Rainhas: antes tarde do que nunca! - Por Hudson Andrade. 

16/09/2018

Montagem Teatral: Eternamente Rainhas.

Montagem: Companhia Paraense de Potoqueiros  

Hudson Andrade[1].

Quando eu era criança havia uma venda de tacacá aqui em casa. Minha tia chegava muito cedo do Veropa e começava o ritual de preparar o tucupi. Eu sentava ao lado das mulheres da casa e não podendo pegar em faca, ficava olhando e ouvindo. Minha tia tinha um rádio e a manhã passava com rádio novela, as melhores, Alô, alô, Interior.

Decidi iniciar essa crítica tardia assim pra deixar às claras que ao falar de rádio não estou na condição de quem ouviu falar. Nasci em 1970 e apesar de ter televisor em casa (depois de um puta sacrifício!), rádios sempre forem presença marcante. Aliás, lembro que a maior alegria da minha tia era o programa do Elói Santos. Uma vez ele mandou um abraço no ar pra ela, que falou disso o resto da vida. Ser citado por um radialista era o top da celebridade, desde que não fosse numa Patrulha da Cidade da vida.

Quando eu assisti Eternamente Rainhas, produção da Companhia Paraense de Potoqueiros, tive uma outra grata surpresa: eu conhecia a maioria daquelas músicas e sabia a letra de muitas delas, longe de ser um problema, isso me deixou muito feliz e orgulhoso. Pude participar do clima que o espetáculo promove e da festa que muitas senhoras e senhores faziam como se estivessem mesmo num auditório de alguma Rádio, ou com os ouvidos pregados naqueles aparelhos enormes de antigamente. Palmas, gritos, cantoria e até mesmo as antigas animosidades que envolviam os fãs clubes de Marlene e Emilinha.

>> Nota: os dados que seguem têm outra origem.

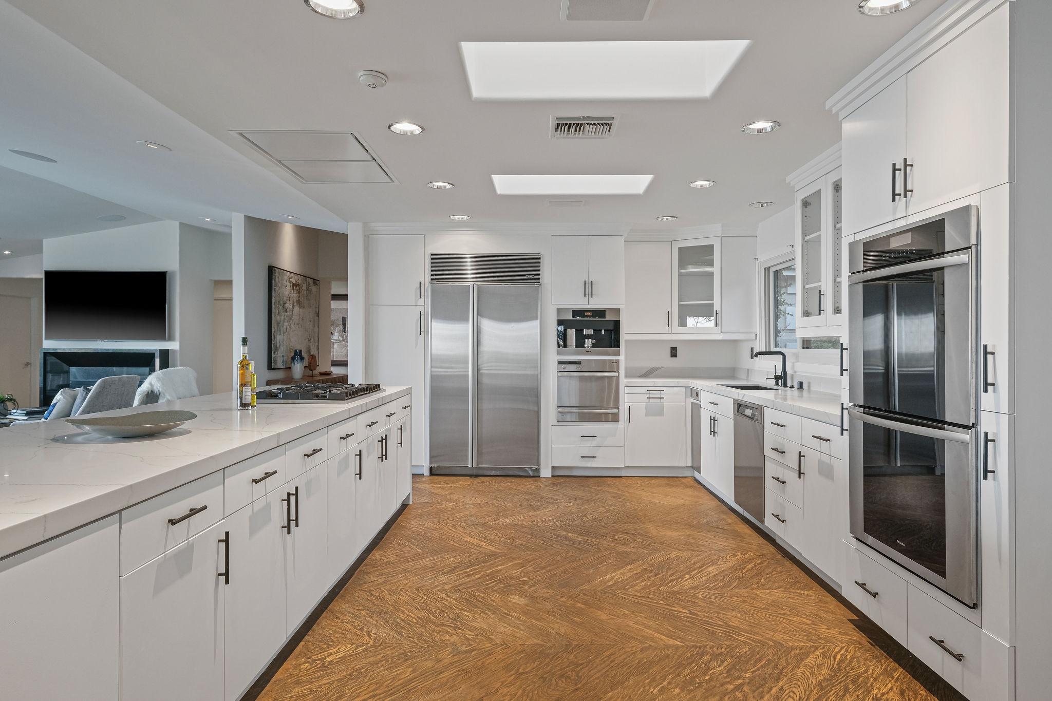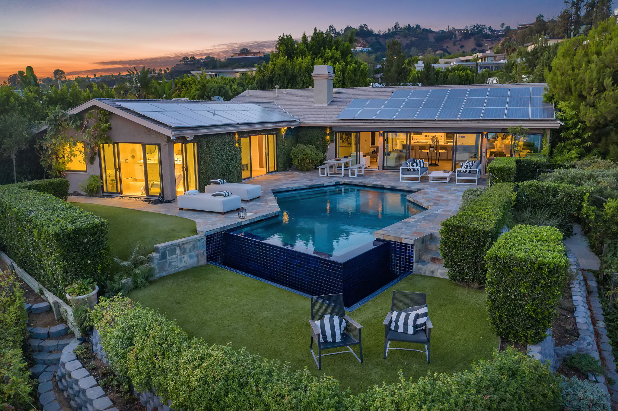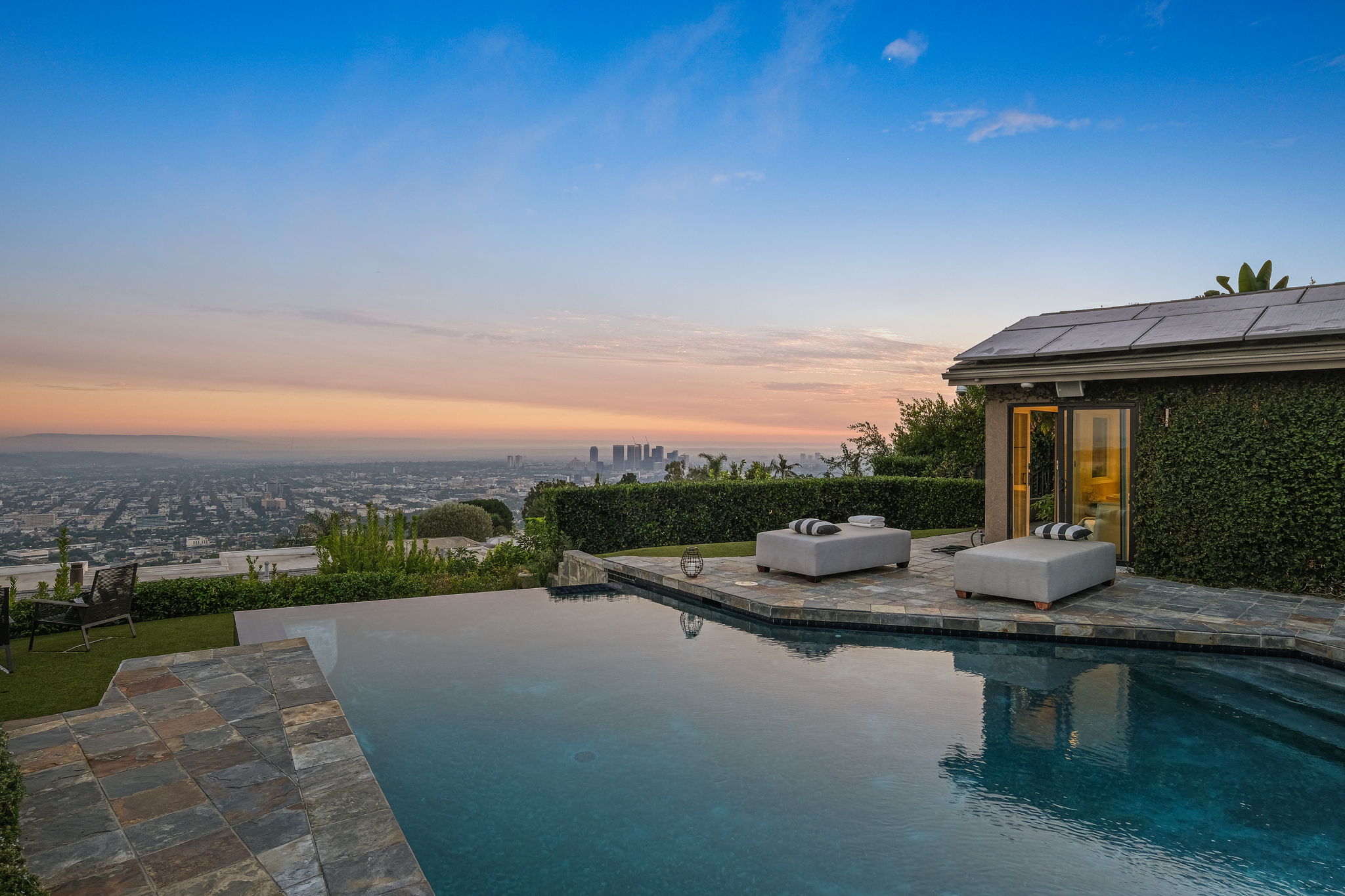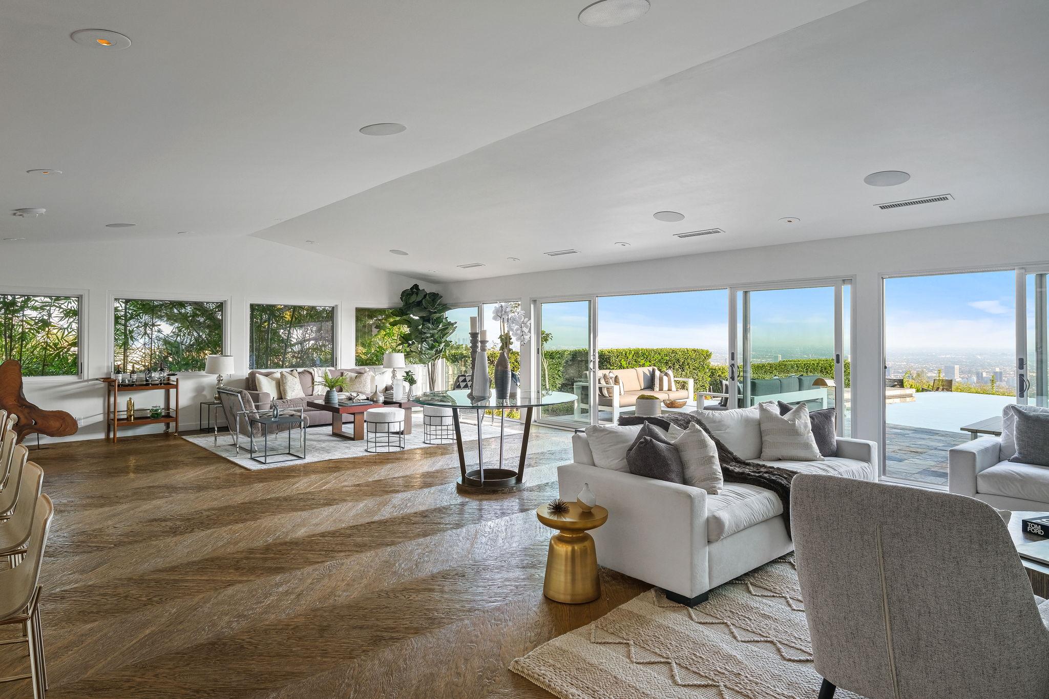 Nestled on a small cul-de-sac off Blue Jay Way in the exclusive Bird Streets, this is unquestionably the finest view promontory available in the Bird Streets, allowing an 8,000+ sq. ft. house to be built. The current single-story jewel-box boasts unobstructed 180-degree jetliner views from Downtown LA to the Ocean. With an open floor plan, the living area offers ceilings and stunning herringbone-patterned wood floors. The recently remodeled chef’s kitchen opens to the striking view with a massive center island with gorgeous marble waterfall countertops and built-in seating for 6. An impressive owner’s suite opens out to the sleek infinity-edge pool, stone-tiled deck, and grassy yard with an outdoor kitchen/BBQ. 2-car garage with additional private driveway spaces. With complete privacy, timeless architecture, and unparalleled views, this is a once-in-a-lifetime opportunity to own such a mesmerizing home on such a desirable and flat parcel of land.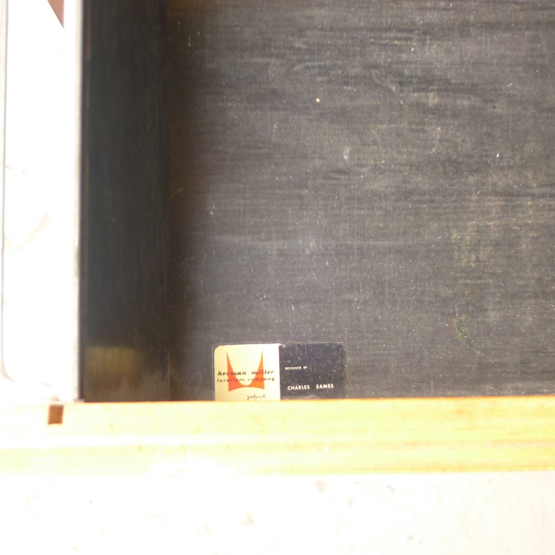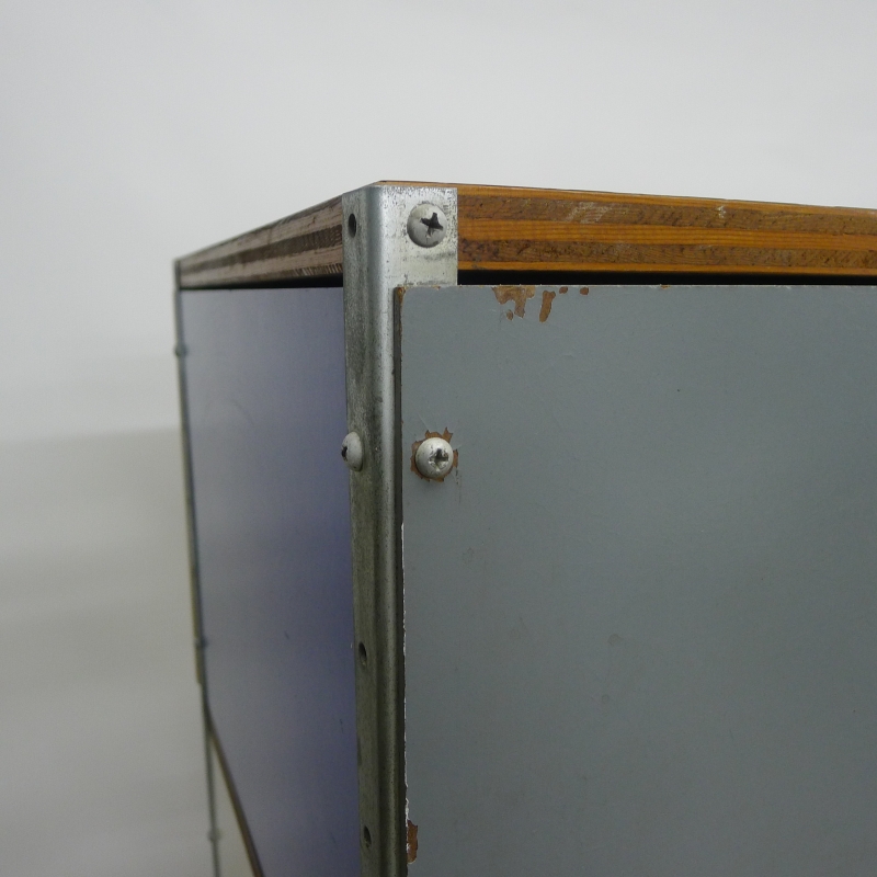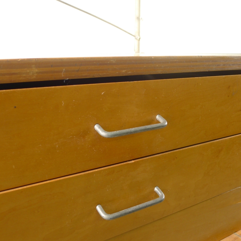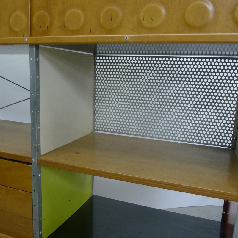 All models were constructed with chrome-plated steel angles, legs, and cross supports. This example is an early version with six legs; around 1952, the design was revised to incorporate four more centrally positioned legs. The shelving and drawers are finished in birch and walnut veneer, complemented by baked enamel panels in various colours—including red, blue, and yellow—and “dimple” patterned sliding doors in natural birch veneer.

Eternamente Rainhas é uma pequena enciclopédia, ou um almanaque de algumas das vozes que encantaram e apaixonaram o povo brasileiro a partir do final dos anos 30. Narra em histórias, canções, esquetes e cenas a trajetória de algumas das maiores cantoras brasileiras de todos os tempos, não à toa eleitas pela população como suas rainhas. Como hoje, amadas, imitadas, seguidas. Idolatradas seria o termo mais correto, a ponto das desavenças já citadas e da postura que se adotou a favor e contra Dalva de Oliveira em sua litigiosa separação de Herivelto Martins. Esse fato ganha uma notoriedade e destaque na trama escrita a quatro mãos por Lauro Sousa e Breno Monteiro.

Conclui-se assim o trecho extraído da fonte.